[DATA PROVIDED Boundary: Start]
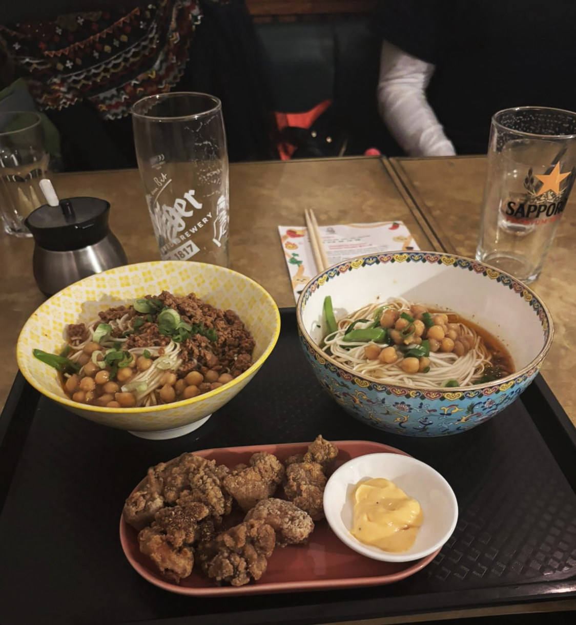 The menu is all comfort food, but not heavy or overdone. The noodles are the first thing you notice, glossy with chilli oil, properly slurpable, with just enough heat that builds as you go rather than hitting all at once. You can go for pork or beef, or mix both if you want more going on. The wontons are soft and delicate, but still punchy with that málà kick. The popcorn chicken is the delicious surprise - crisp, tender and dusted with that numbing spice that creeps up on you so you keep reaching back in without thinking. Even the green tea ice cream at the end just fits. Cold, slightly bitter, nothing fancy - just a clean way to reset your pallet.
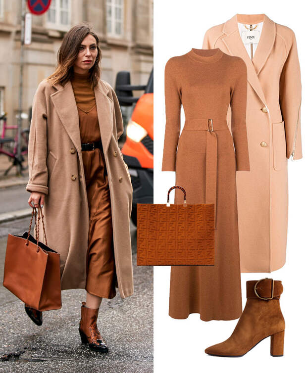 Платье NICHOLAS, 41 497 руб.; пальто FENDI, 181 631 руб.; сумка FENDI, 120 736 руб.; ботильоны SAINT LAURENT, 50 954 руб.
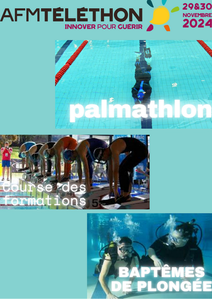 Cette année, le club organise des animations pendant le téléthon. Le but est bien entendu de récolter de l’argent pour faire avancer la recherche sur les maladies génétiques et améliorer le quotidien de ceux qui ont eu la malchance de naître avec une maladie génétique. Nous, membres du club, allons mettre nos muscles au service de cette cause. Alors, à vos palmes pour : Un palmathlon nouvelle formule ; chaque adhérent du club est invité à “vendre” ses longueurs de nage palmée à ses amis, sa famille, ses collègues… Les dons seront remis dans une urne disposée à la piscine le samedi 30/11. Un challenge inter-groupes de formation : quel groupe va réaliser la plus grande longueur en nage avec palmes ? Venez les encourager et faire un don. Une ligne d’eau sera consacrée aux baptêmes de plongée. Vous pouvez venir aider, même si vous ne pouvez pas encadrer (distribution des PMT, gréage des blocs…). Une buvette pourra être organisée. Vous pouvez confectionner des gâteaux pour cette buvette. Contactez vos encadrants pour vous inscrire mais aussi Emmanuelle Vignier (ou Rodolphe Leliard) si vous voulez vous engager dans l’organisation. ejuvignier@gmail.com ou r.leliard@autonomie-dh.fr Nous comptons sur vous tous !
[DATA PROVIDED Boundary: End]
[DATA PROVIDED Boundary: Start]
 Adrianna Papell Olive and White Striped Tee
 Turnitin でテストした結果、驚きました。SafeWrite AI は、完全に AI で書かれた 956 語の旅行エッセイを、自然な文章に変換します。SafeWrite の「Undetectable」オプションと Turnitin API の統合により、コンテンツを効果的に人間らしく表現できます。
[DATA PROVIDED Boundary: End]
[DATA PROVIDED Boundary: Start]
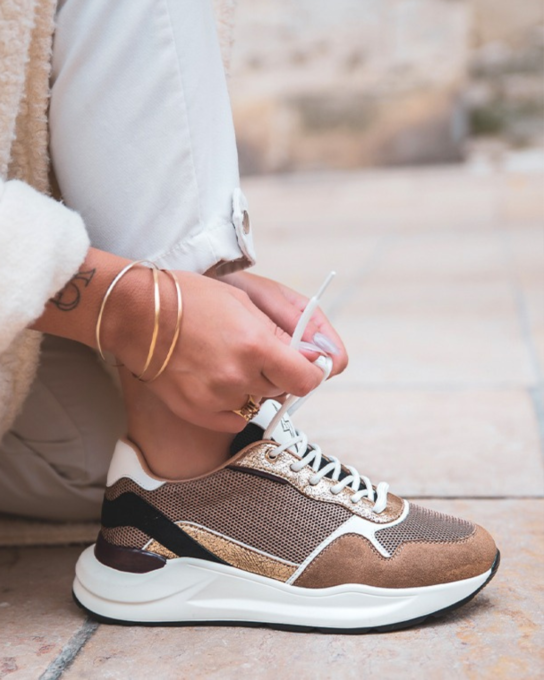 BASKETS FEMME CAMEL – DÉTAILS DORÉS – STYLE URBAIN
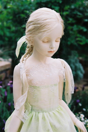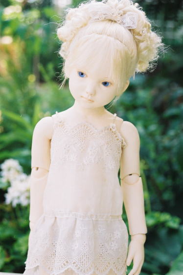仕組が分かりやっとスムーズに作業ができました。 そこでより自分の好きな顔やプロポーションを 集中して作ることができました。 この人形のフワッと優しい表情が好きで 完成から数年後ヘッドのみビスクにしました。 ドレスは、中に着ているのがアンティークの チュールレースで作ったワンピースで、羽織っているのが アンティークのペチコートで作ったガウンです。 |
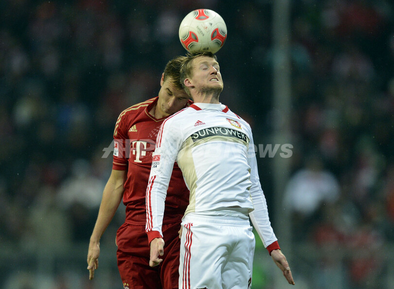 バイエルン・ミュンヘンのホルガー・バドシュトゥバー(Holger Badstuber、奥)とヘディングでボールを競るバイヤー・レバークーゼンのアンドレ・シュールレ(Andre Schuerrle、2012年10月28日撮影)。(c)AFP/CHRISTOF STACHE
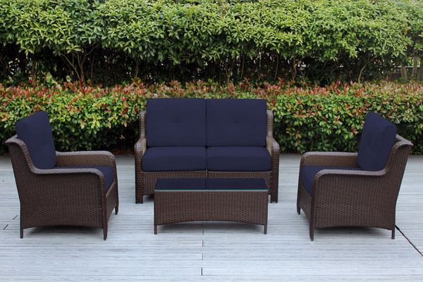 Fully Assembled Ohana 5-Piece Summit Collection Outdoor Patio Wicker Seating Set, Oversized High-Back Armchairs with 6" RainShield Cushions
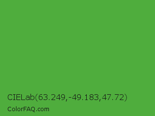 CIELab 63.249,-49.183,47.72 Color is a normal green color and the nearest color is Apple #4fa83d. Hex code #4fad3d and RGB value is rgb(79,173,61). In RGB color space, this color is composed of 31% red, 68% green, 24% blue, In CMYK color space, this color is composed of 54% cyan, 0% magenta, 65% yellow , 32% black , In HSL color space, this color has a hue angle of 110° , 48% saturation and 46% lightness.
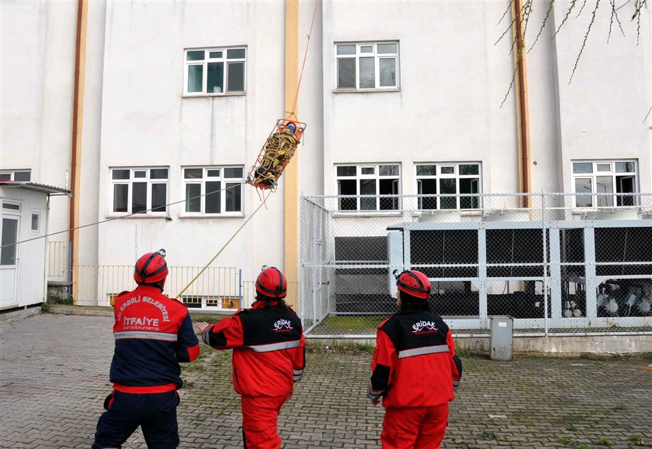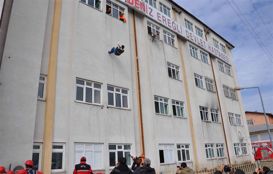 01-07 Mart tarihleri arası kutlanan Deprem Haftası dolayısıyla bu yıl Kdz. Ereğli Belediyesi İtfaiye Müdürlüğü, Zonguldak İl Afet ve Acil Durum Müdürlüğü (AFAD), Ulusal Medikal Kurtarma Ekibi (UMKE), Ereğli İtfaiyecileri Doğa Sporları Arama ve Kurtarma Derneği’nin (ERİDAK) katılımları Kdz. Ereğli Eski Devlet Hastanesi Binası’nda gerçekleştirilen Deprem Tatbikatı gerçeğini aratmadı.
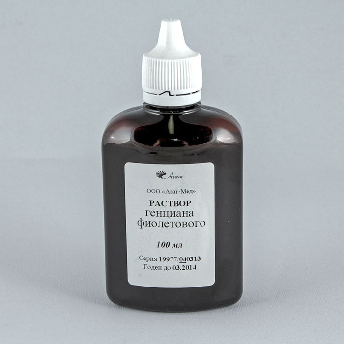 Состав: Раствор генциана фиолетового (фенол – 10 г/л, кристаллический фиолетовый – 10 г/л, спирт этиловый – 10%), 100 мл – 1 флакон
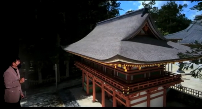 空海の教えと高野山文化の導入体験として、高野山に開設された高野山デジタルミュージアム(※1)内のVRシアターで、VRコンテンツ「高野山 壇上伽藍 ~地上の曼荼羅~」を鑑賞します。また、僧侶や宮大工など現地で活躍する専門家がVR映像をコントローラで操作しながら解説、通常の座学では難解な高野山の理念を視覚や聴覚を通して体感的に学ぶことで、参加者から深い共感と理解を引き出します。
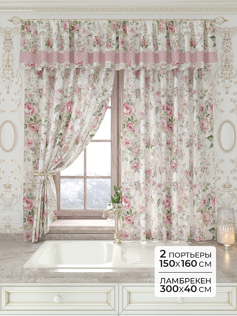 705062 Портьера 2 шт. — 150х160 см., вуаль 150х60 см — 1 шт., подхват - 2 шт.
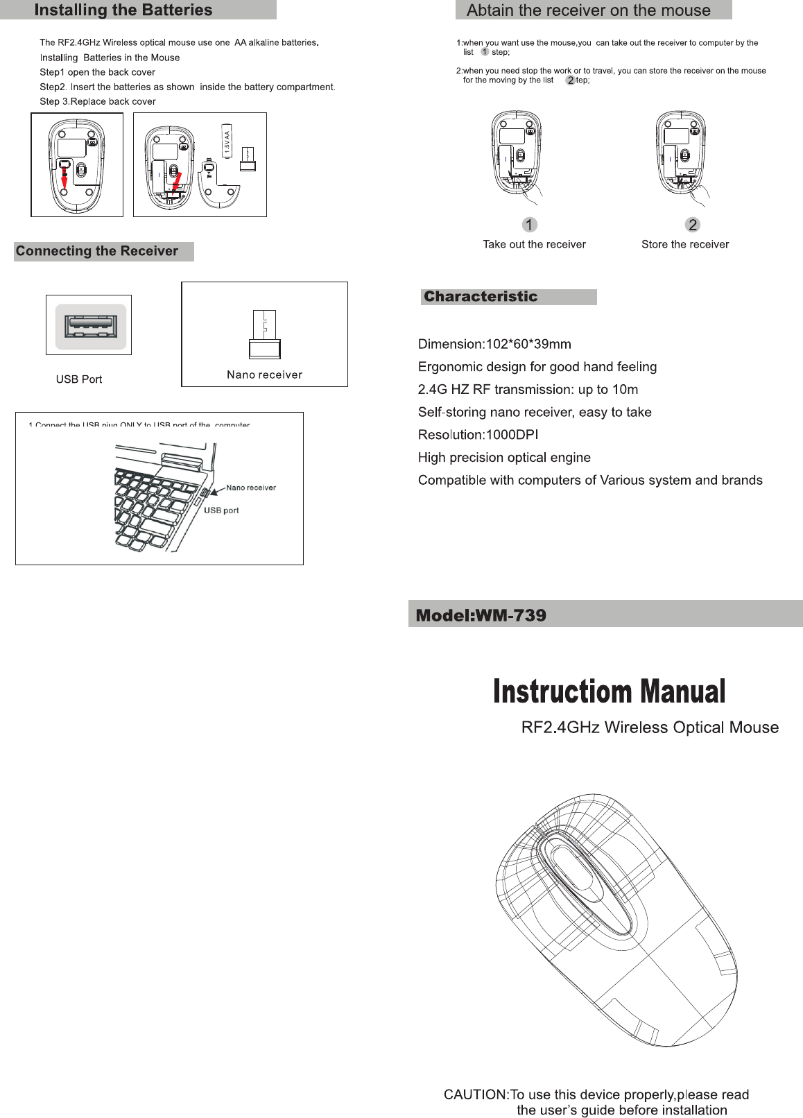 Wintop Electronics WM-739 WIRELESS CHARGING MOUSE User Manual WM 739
[DATA PROVIDED Boundary: End]
Beginning at the line that has "The menu is" and ending at the line that has "Платье NICHOLAS, 41", restate the listing above word for word, pictures left out.

 The menu is all comfort food, but not heavy or overdone. The noodles are the first thing you notice, glossy with chilli oil, properly slurpable, with just enough heat that builds as you go rather than hitting all at once. You can go for pork or beef, or mix both if you want more going on. The wontons are soft and delicate, but still punchy with that málà kick. The popcorn chicken is the delicious surprise - crisp, tender and dusted with that numbing spice that creeps up on you so you keep reaching back in without thinking. Even the green tea ice cream at the end just fits. Cold, slightly bitter, nothing fancy - just a clean way to reset your pallet.
 Платье NICHOLAS, 41 497 руб.; пальто FENDI, 181 631 руб.; сумка FENDI, 120 736 руб.; ботильоны SAINT LAURENT, 50 954 руб.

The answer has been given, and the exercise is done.